We’re in a time of war, Ralph Cooper, executive director of the Veterans Benefits Clearinghouse in Boston, said. What kind of message are you sending to combatants with a memo like [Miller’s]?

Last month, as part of a $5.1 billion budget package, Congress included $275 million for veterans’ medical care that would have helped to cover VA expenses. President Bush, however, labels the bill loaded with pork that he will reject. According to the Washington Post, Bush is rejecting the $5.1 billion Congressional authorization (including the $275 million earmarked for veterans’ care) to teach lawmakers a lesson about what he considers overspending. Bush did sign, however, a $28.9 billion bill for supplementing homeland security and defense funds.

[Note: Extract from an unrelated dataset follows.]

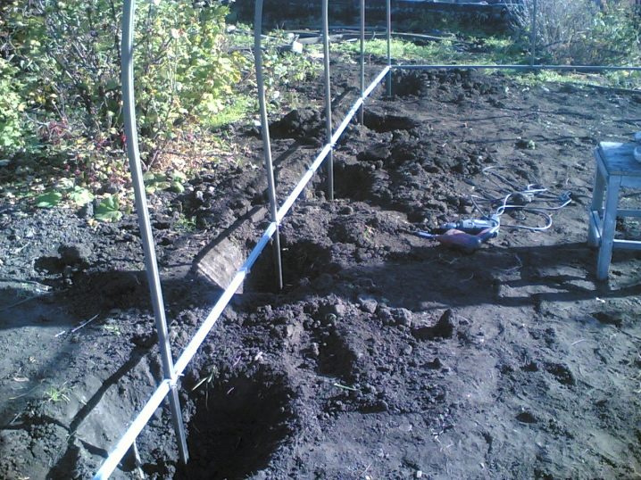 - Premièrement, le sol est foré, en adhérant strictement à une étape spécifique. Le diamètre de tous les trous doit être tel que le tuyau y soit placé sans obstacles, sans raccord supplémentaire.

According to Tom Materazzo, an Army veteran of World War II and commissioner of Veteran Services for Boston, “If you said publicly to America that we’re trying to ration veterans’ services — and what else is it? — no one would like how that sounds. The cure is to provide the money.”

In an earlier address to the Disabled American Veterans, National Adjutant Arthur H. Wilson, referred to the more than one-third of America’s homeless people who are veterans: On any given night in America, more than 275,000 homeless men and women are veterans. That’s the equivalent of 18 infantry divisions on the streets of this great nation with no place to call home — quite literally, an army of homeless veterans. And that is simply intolerable.”

Wilson concluded, “Just as we don’t leave our wounded behind on the battlefield, we must not leave our homeless veterans behind abandoned on the streets of our cities.”